US 12,444,401 B2
Method, apparatus, computer readable medium, and electronic device of speech synthesis
Haopeng Lin, Beijing (CN); and Zejun Ma, Beijing (CN)
Assigned to Beijing Youzhuju Network Technology Co., Ltd., Beijing (CN)
Filed by Beijing Youzhuju Network Technology Co., Ltd., Beijing (CN)
Filed on Aug. 26, 2024, as Appl. No. 18/815,598.
Application 18/815,598 is a continuation of application No. PCT/CN2023/077478, filed on Feb. 21, 2023.
Claims priority of application No. CN202210179831.4 (CN), filed on Feb. 25, 2022.
Prior Publication US 2024/0420678 A1, Dec. 19, 2024
Int. Cl. G10L 13/08 (2013.01); G10L 13/02 (2013.01)

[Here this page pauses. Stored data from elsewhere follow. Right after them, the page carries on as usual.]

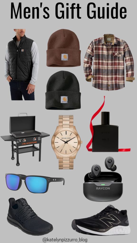 Carhart Vest, Black Carhart Hat, Carhart Hat (Mocha), Flannel, Blackstone Griddle, Michael Kors Watch, Dime No. 1 Cologne, Oakley Sunglasses, Raycon Earbuds, Black Adidas Sneakers , New Balance Sneakers
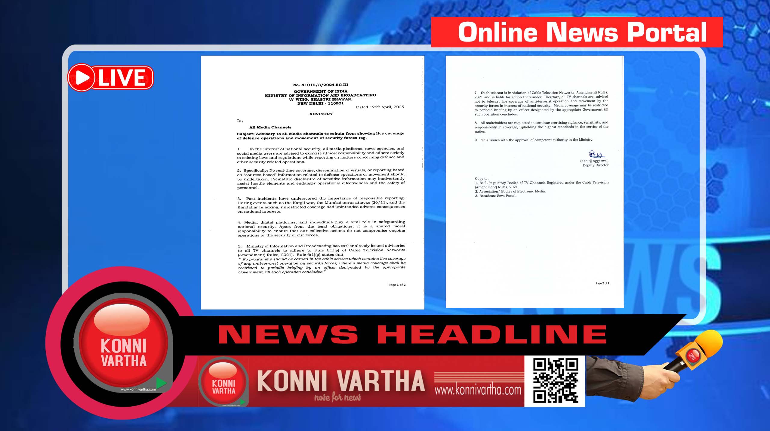 konnivartha.com: സുരക്ഷാ സേനയുടെ നീക്കങ്ങളുടെയും പ്രതിരോധ പ്രവർത്തനങ്ങളുടെയും തത്സമയ സംപ്രേഷണത്തിനെതിരെ മാധ്യമങ്ങൾക്ക് മുന്നറിയിപ്പ് നൽകി കേന്ദ്ര വാർത്താ വിതരണ മന്ത്രാലയം.ദേശീയ സുരക്ഷയെ മാനിച്ച് മാധ്യമങ്ങളും വാർത്താ ഏജൻസികളും സോഷ്യൽ മീഡിയ ഉപയോക്താക്കളും ഇത്തരം കാര്യങ്ങൾ റിപ്പോർട്ട് ചെയ്യുമ്പോൾ നിലവിലുള്ള നിയമങ്ങളും ചട്ടങ്ങളും കർശനമായി പാലിക്കണമെന്നാണ് സർക്കാർ നിർദേശം. പ്രതിരോധ പ്രവർത്തനങ്ങളുമായോ നീക്കങ്ങളുമായോ ബന്ധപ്പെട്ട കാര്യങ്ങളുടെ തത്സമയ കവറേജ്, ദൃശ്യങ്ങളുടെ പ്രചാരണം, വാർത്തയുടെ ഉറവിടം വെളിപ്പെടുത്തുന്ന റിപ്പോർട്ടിങ് എന്നിവ പാടില്ല.ഇത്തരം തന്ത്രപരമായ വിവരങ്ങള് മുൻകൂട്ടി വെളിപ്പെടുത്തുന്നത് ശത്രു ഘടകങ്ങളെ സഹായിക്കുകയും ഉദ്യോഗസ്ഥരുടെ സുരക്ഷ അപകടത്തിലാക്കുകയും ചെയ്യും. കാർഗിൽ യുദ്ധം, മുംബൈ ഭീകരാക്രമണം, കാണ്ഡഹാർ വിമാന റാഞ്ചൽ തുടങ്ങിയ സംഭവങ്ങളിൽ ഇത്തരം റിപ്പോർട്ടിങ് പ്രശ്നങ്ങളുണ്ടാക്കിയതായി എടുത്തുപറയുന്നുണ്ട്.2021ലെ കേബിൾ ടെലിവിഷൻ നെറ്റ്വർക്ക്സ് (ഭേദഗതി) നിയമങ്ങളിലെ ചട്ടം 6(1) (പി) പാലിക്കണമെന്ന് കേന്ദ്ര വാർത്താ വിതരണ മന്ത്രാലയം എല്ലാ ടിവി ചാനലുകൾക്കും…
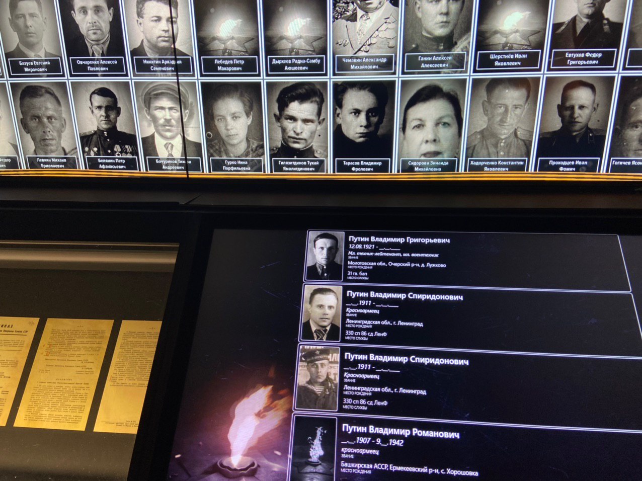 Почему-то дважды в этом перечне встречается отец президента Путина — Путин Владимир Спиридонович. Два бойца Путина — два разных фото, но ссылка ведёт на одну и ту же архивную запись. Эта запись содержит и наградной лист, описывающий подвиг, за который Путин-старший получил медаль «За боевые заслуги»: 17-ого ноября 1941 года под станцией Невская Дубровка в составе 330-го стрелкового полка он при наступлении получил тяжёлое осколочное ранение в левую голень, стопу с переломом большой берцовой кости, в результате чего стопа не гнётся.

CPC G10L 13/08 (2013.01) [G10L 13/02 (2013.01)] 14 Claims
OG exemplary drawing
 
1. A method of speech synthesis, comprising:
obtaining a phoneme sequence corresponding to text to be synthesized;
inputting the phoneme sequence and the text to be synthesized into a speech synthesis model;
generating, via the speech synthesis model, a phonemic-level tones and break indices (TOBI) representation sequence and a prosodic-acoustic feature corresponding to the text to be synthesized based on the phoneme sequence and the text to be synthesized, and generating acoustic feature information corresponding to the text to be synthesized based on the TOBI representation sequence and the prosodic-acoustic feature; and
generating first audio information corresponding to the text to be synthesized based on the acoustic feature information,
wherein the speech synthesis model comprises an encoding network, an attention network a decoding network, a prosodic language feature prediction module, a prosodic-acoustic feature prediction module, an embedded layer, a first splicing module, a second splicing module, and a third splicing module,
the prosodic language feature prediction module is configured to generate, based on the text to be synthesized, a phonemic-level TOBI representation sequence corresponding to the text to be synthesized,
the embedded layer is configured to generate a phoneme representation sequence corresponding to the text to be synthesized based on the phoneme sequence,
the first splicing module is configured to splice the phonemic-level TOBI representation sequence and the phoneme representation sequence to obtain a first splicing sequence,
the encoding network is configured to encode the first splicing sequence to generate a coded sequence,
the second splicing module is configured to splice the coded sequence and the phonemic level TOBI representation sequence to obtain a second splicing sequence,
the prosodic-acoustic feature prediction module is configured to generate the prosodic-acoustic feature corresponding to the text to be synthesized based on the second splicing sequence,
the third splicing module is configured to splice the coding sequence and the prosodic-acoustic feature to obtain a third splicing sequence,
the attention network is configured to generate, based on the third splicing sequence, a semantic representation corresponding to the text to be synthesized, and
the decoding network is configured to generate, based on the semantic representation, acoustic feature information corresponding to the text to be synthesized.